(DATASET EXTRACT begins)

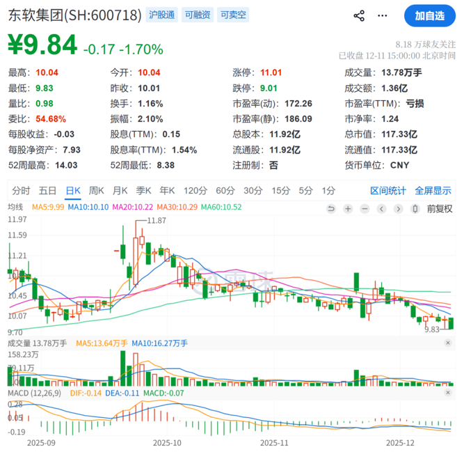 截至12月11日收盘,东软集团股价为9.84元/股,总市值为117亿元。
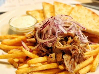 Šáwerma – Kuřecí tortilla plněná marinovaným grilovaným kuřecím masem, tahini, čerstvá zelenina posypaná zátarem A1, 11
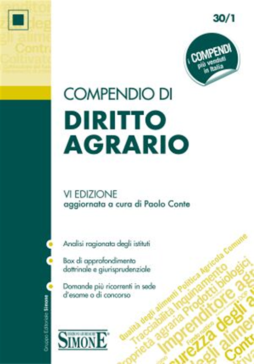 In nessuna disciplina come quella del Diritto agrario si è assistito negli ultimi anni ad una «rivoluzione» totale: sia a seguito delle numerose innovazioni tecnologiche del settore primario, sia per il progressivo, massiccio e costante ingresso delle norme sovranazionali, soprattutto europee, che hanno completamente trasformato il volto della materia. Questo volume, sensibile agli eventi maturatisi, offre un quadro istituzionale complessivo e aggiornato di una materia che, oltre a costituire un importante strumento di primo aggiornamento per gli operatori del settore, è oggetto dei piani di studio di diverse facoltà universitarie e che purtroppo, malgrado la sua centralità, si giova non sempre di crediti adeguati. Alla luce di queste considerazioni è stato dato alle stampe questo agile, ma completo «compendio» che segue i programmi dei principali atenei italiani. Tra le più recenti e significative novità normative segnaliamo: il Pacchetto legislativo della PAC 2014/2020; il D.L. 51/2015, conv. in L. 91/2015, che ha modificato la disciplina delle organizzazioni interprofessionali. Completa il volume una utile Appendice normativa contenente le norme di diritto agrario che costituiscono i principali riferimenti operativi del settore.

(DATASET EXTRACT ends)

DIRECTIONS FOR THIS TASK: Your task is to repeat, word for word and with no picture, every line from the one that contains "Šáwerma – Kuřecí" through the last line of the data.

THE ANSWER:
 Šáwerma – Kuřecí tortilla plněná marinovaným grilovaným kuřecím masem, tahini, čerstvá zelenina posypaná zátarem A1, 11
 In nessuna disciplina come quella del Diritto agrario si è assistito negli ultimi anni ad una «rivoluzione» totale: sia a seguito delle numerose innovazioni tecnologiche del settore primario, sia per il progressivo, massiccio e costante ingresso delle norme sovranazionali, soprattutto europee, che hanno completamente trasformato il volto della materia. Questo volume, sensibile agli eventi maturatisi, offre un quadro istituzionale complessivo e aggiornato di una materia che, oltre a costituire un importante strumento di primo aggiornamento per gli operatori del settore, è oggetto dei piani di studio di diverse facoltà universitarie e che purtroppo, malgrado la sua centralità, si giova non sempre di crediti adeguati. Alla luce di queste considerazioni è stato dato alle stampe questo agile, ma completo «compendio» che segue i programmi dei principali atenei italiani. Tra le più recenti e significative novità normative segnaliamo: il Pacchetto legislativo della PAC 2014/2020; il D.L. 51/2015, conv. in L. 91/2015, che ha modificato la disciplina delle organizzazioni interprofessionali. Completa il volume una utile Appendice normativa contenente le norme di diritto agrario che costituiscono i principali riferimenti operativi del settore.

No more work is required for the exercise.